I just spoke with Dr. Deborah Ruf. It was a great experience. She is so easy to talk to and so much of what she said made perfect sense in ways I had not thought to consider before. Not only does she look at IQ and achievement but also personality types (yours, your husbands, and child's) and thoroughly explains how all those variables interact. She explained my husband and I perfectly just be knowing our personalities. Also, she explained the parts of Haley's personality that were strong vs. those that were more borderline and it explained her perfectly, too. I now have so much more reading to do so that I can understand my boys as well.
The gist of what she said was that she agreed with me that Haley's original IQ test was way too low based on her developmental milestones, all the information I gave her about what Haley is doing now plus looking at the achievement portion of the assessment she had with the original IQ test. She said she errs on the low side (so no one is ever dissappointed) but would say Haley is a 2-3 in the Levels of Giftedness. After my reading I would've guessed a 3 so we were pretty much in sinc with that. She said a very motivated child can be at a much higher level than their IQ indicates but she still felt Haley's original IQ score was not a good indicator of her actual potential.
Haley's personality is an IFSJ (introverted, feeler, sensor, judging) so she is going to be a people pleaser who is very excellent with facts/details/memorization but not so great at looking at the big picture (though that was not as strong with her as her sensing areas). She was borderline between introverted and extroverted as well. Haley will need to feel appreciated for who she is rather than what she does (otherwise will have more difficulty with perfectionism). She would be the type of kid who would be a teacher's pet in school but learn to underperform or not perform to her potential to fit in and have difficulty finding a true peer (soul mate) in a school that is age-grouped rather than ability grouped.
She suggested giving Haley a chance with her singing or letting her try acting to meet her needs for performance. She said it would also give me a way to help her find mentors and others to help educate her.
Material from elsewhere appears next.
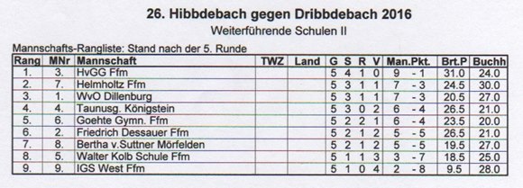 "Hibbdebach-Dribbdebach" - Das Albert-Einstein-Gymnasium aus Schwalbach musste mit 8:2 Punkten und 28,5 Brettpunkten das Gymnasium Oberursel, die Albert-Einstein-Schule Dreieich Langen und das Leibnitz-Gymnasium aus Offenbach in der 5.Runde noch vorbei lassen, weil die 3,5:4,5 Niederlage neben den zwei Mannschaften mit je 10:0 Mannschaftspunkten auch noch den Schlussrundengegner mit 8:2 Punkten und besserer Brettpunktzahl 31,5 den letzten Pokalplatz eroberte. Die Anna-Schmidt-Schule aus Niedererlenbach belegte mit 7:3 Mannschaftspunkten und 21 Brettpnkten den 10.Platz. Die Stadtschule Anna-Schmidt hatte zwar einen Brettpunkt mehr, aber nur 5:5 Team-Punkte und kam so in der Schlusstabelle nur auf den 21.Platz von 43 Teams.

Some books she recommended highly which you may find helpful are "Motherstyles: Using Personality Type" by James Webb and "What Could He Be Thinking" by Michael Gurian.
I have a lot to process and a lot of reading to do. I need to learn to let go of being perfect as a homeschooling mommy. My need to be orderly or to not miss anything is not really necessary in that learning is a lifelong process. She said a child like Haley could easily finish grade school 4 years ahead of schedule (which I already see since she is not in 1st grade yet but finishing up 3rd grade math and reading at an even higher level). She will get anything she has missed from me on her own. Dr. Ruf also said it is not important that she be great at everything. It is okay to be just proficient at things that don't interest her. She said unit studies would be a good way to teach Haley to look at the "big picture" and bring out that side of her.
If I really want the kids to be self actualized learners and fulfilled adults then they have to be able to find and follow their passions and learn to deal with success and failure. I already know that but it is difficult for someone with my personality type.
Dr. Ruf suggested in the future having her test Haley to get a more accurate IQ number. My first question was "Is that really necessary?" She said it would be helpful to know the score to aid with knowing which college would be better placement (she said all colleges have a different average IQ score), seek jobs that would be more fulfilling, and keep expectations more in line with her abilities. I really don't have any plans to do this any time soon (read next 2-3 years) since I feel like I now have a pretty good idea but I may consider it later. (The cost and travel are prohibitive at this point. Though I wish I could have had Dr. Ruf assess her in the first place since I probably spent too much on the first assessment that didn't really answer any of my questions.)